TEST_MODELS_LIST = TML_COMPLETE_ES
  1. Launch and leave it running.
python playlandllm.py
  1. While executing, it will create a folder structure, one folder per model and all prompt tests results as txt files with key info: prompt, output and runtime parameters for your later examination.

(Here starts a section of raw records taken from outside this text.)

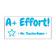 This fun rubber stamp design features the positive message "A+ Effort!" and a customized teacher's, educator's or tutor's name. It also features a decorative star shape icon. It could be used by a teacher, educator, or tutor when marking assignments, to acknowledge that a student has done well.
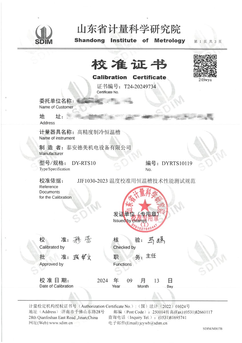 高精度制冷恒溫槽(-10~95℃)校準(zhǔn)證書
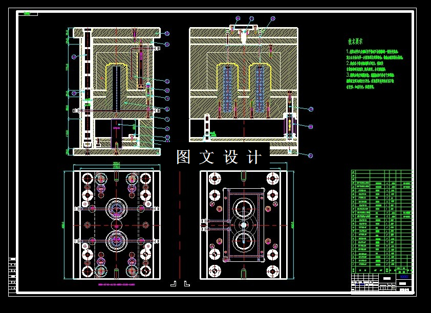 采用了一模二腔的结构布局形式,该方案结构简单可靠。对于本文重点的模具设计七大系统,分别采用了点浇口的浇注系统;采用冷却水道来降低温度,控制注塑成型周期;在成型系统零部件的设计上,采用了镶嵌式的型芯和型腔,这两个核心零部件采用专门的模具钢材制造与加工,寿命更长久;1098369
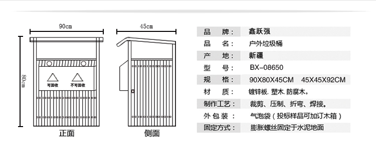 【品名】三分類垃圾桶  【品牌】 中星  【材質(zhì)】優(yōu)質(zhì)鍍鋅板  【內(nèi)膽】鍍鋅板、不銹鋼  【制作工藝】選用優(yōu)質(zhì)不銹鋼鋼板裁剪、壓制、折彎后再焊接而成型  【噴涂工藝】垃圾桶經(jīng)磷化噴砂處理后采用戶...
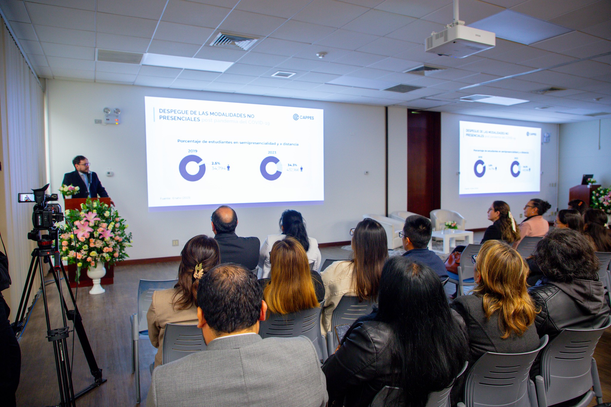 La jornada se abrió con la ponencia del Mag. Jorge Mori, director ejecutivo del Centro para el Análisis de Políticas Públicas de Educación Superior (CAPPES), quien destacó tendencias como la concentración de instituciones, la expansión de modalidades no presenciales, la incorporación de estudiantes no tradicionales y los riesgos de una regulación pendular. Señaló, además, que la gobernanza académica y la sostenibilidad serán claves para garantizar calidad y pertinencia en los próximos años.
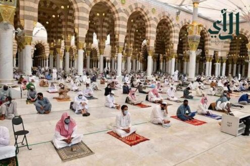 وتمّ وضع نقاط فرز للتأكّد من أهلية المصلين وحصولهم على المتطلبات اللازمة عبر تطبيق “توكلنا”.
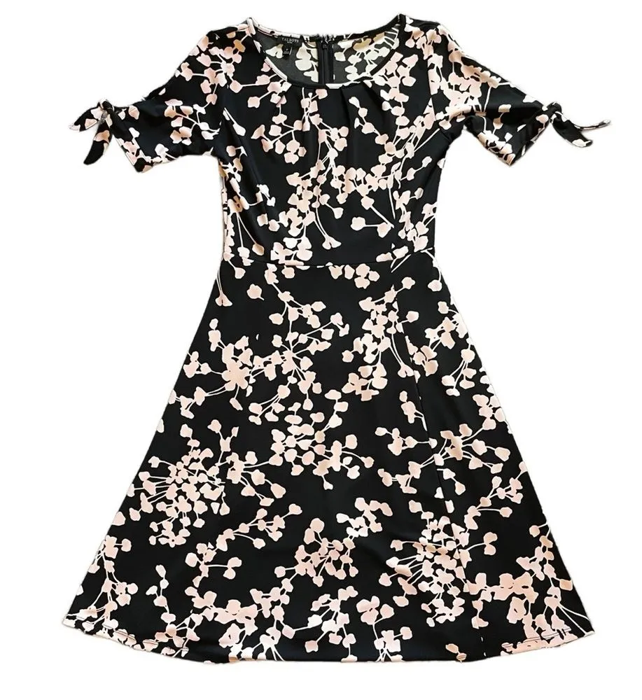 Talbots Cherry Blossom Sakura Floral Printed Modest Crewneck Short Sleeve A-Line Circle Skirt Midi D... Show more
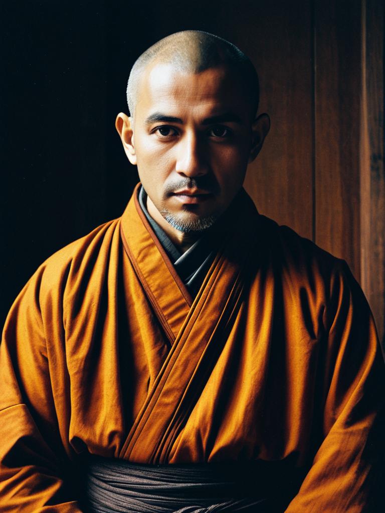 Waist-up editorial portrait of an Asian man wearing a traditional orange monk robe. The subject has a shaved head and a short beard, with a serious expression. The image features photorealistic tones and soft lighting against a neutral background.
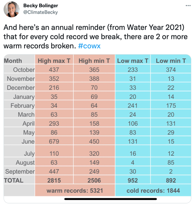 For a glimpse of the bigger picture across the American West, [Becky] Bolinger, also a climatologist with Colorado State University, pointed to the Lake Powell Reservoir, which is already at a record low.
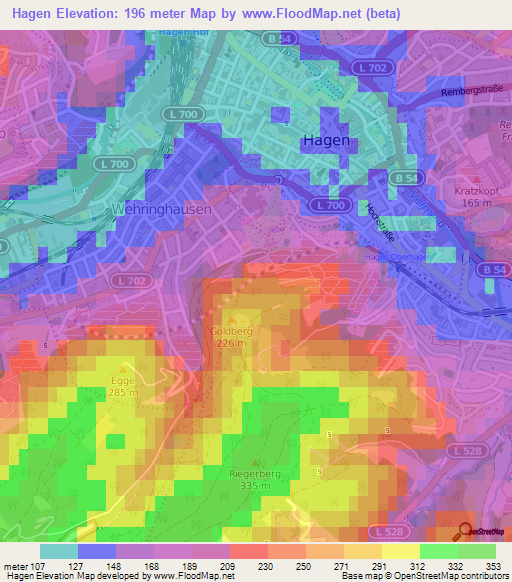Note:Please note that Hagen,Germany Elevation Map is in beta.

Example output for a single prompt:
--------------------
### output 1
Escribe una pequeña historia sobre un personaje que acaba de descubrir un talento oculto.

### Respuesta:
Juan siempre había sido una persona corriente, sin ningún talento especial o habilidad destacable. 

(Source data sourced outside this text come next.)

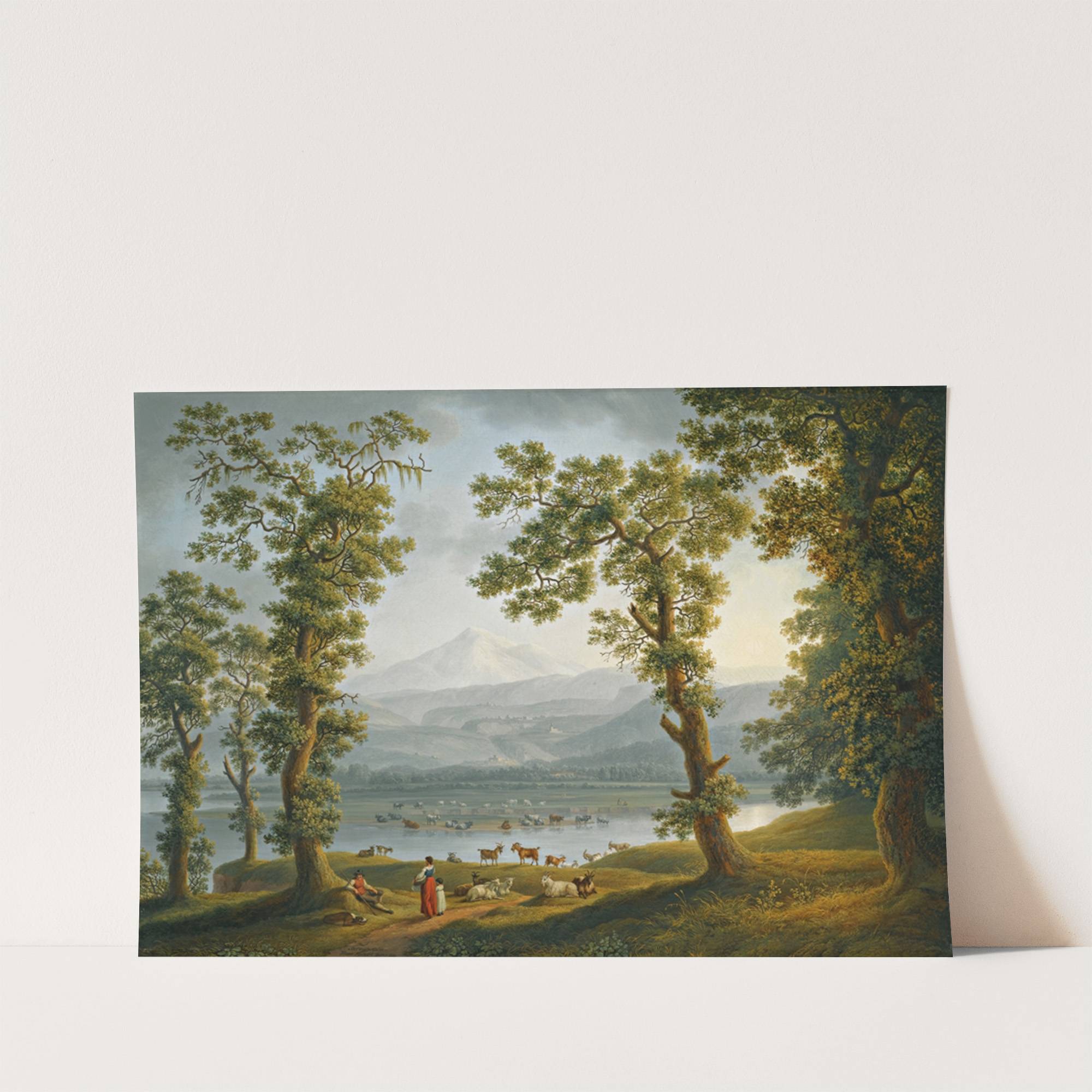 A View Across The Volturno River Towards Alife, Piedimonte Matese, And The Matese Mountains Rising Beyond by Jakob Philipp Hackert - Wall Art Print
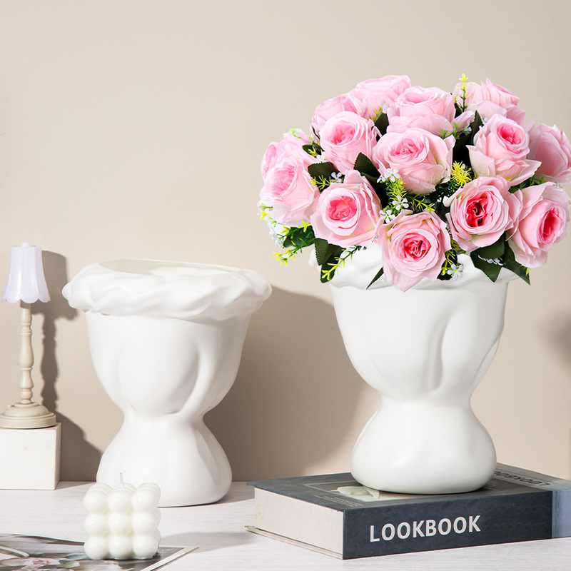 法式奶油风仿陶瓷塑料花瓶轻奢北欧高级个性插花水培装饰摆件批发
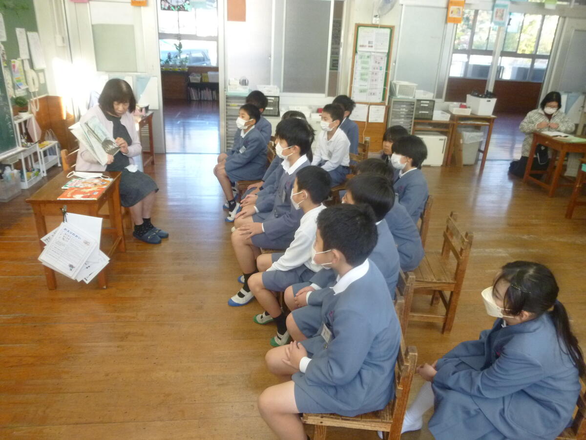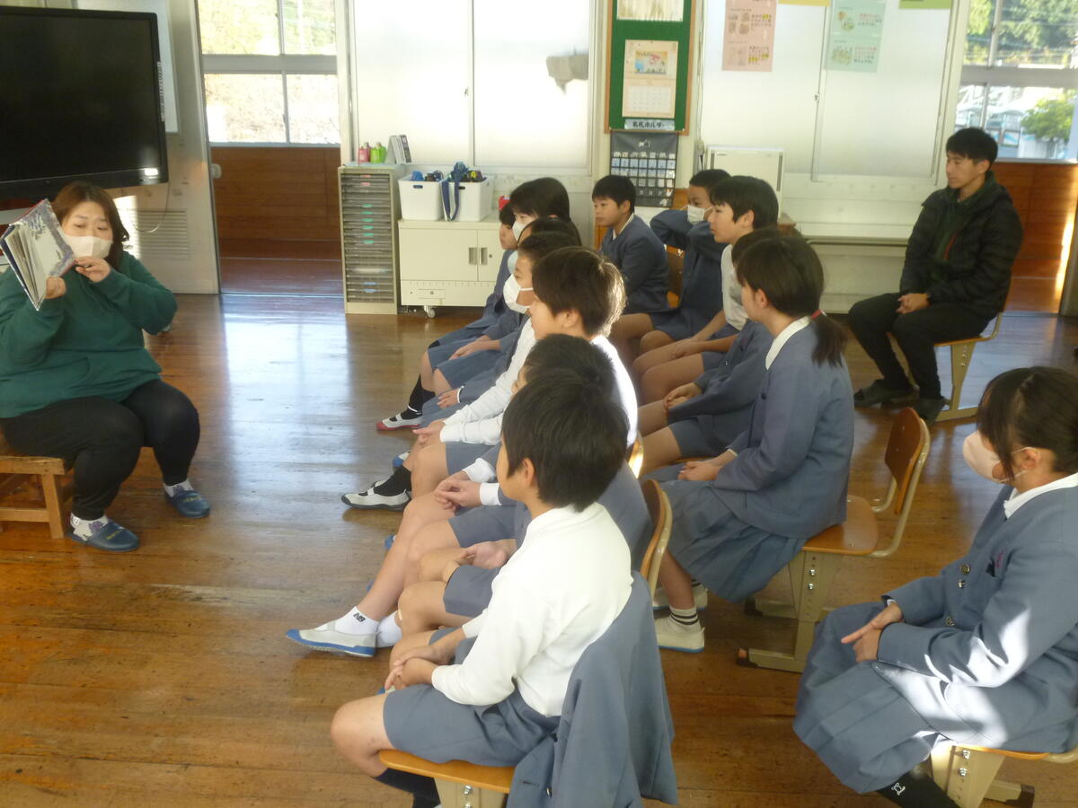 まず、朝の活動の時間には、2学期最後の読み聞かせがあり、4名の方にそれぞれの学年に応じた絵本の読み聞かせをしていただきました。

Pero un día, mientras se duchaba, descubrió una nueva pasión. 
Comenzó a practicar en la ducha y pronto su habilidades comenzaron a fluir. 
Cada vez se sentía más seguro y práctico en la bañera y en la calle. 
La gente empezó a notar su nuevo talento y prontó comenzó un negocio de baile bajo el agua. 
Con el tiempo, su talento secreto se difundió como un reguero de pólvora y prósperó. 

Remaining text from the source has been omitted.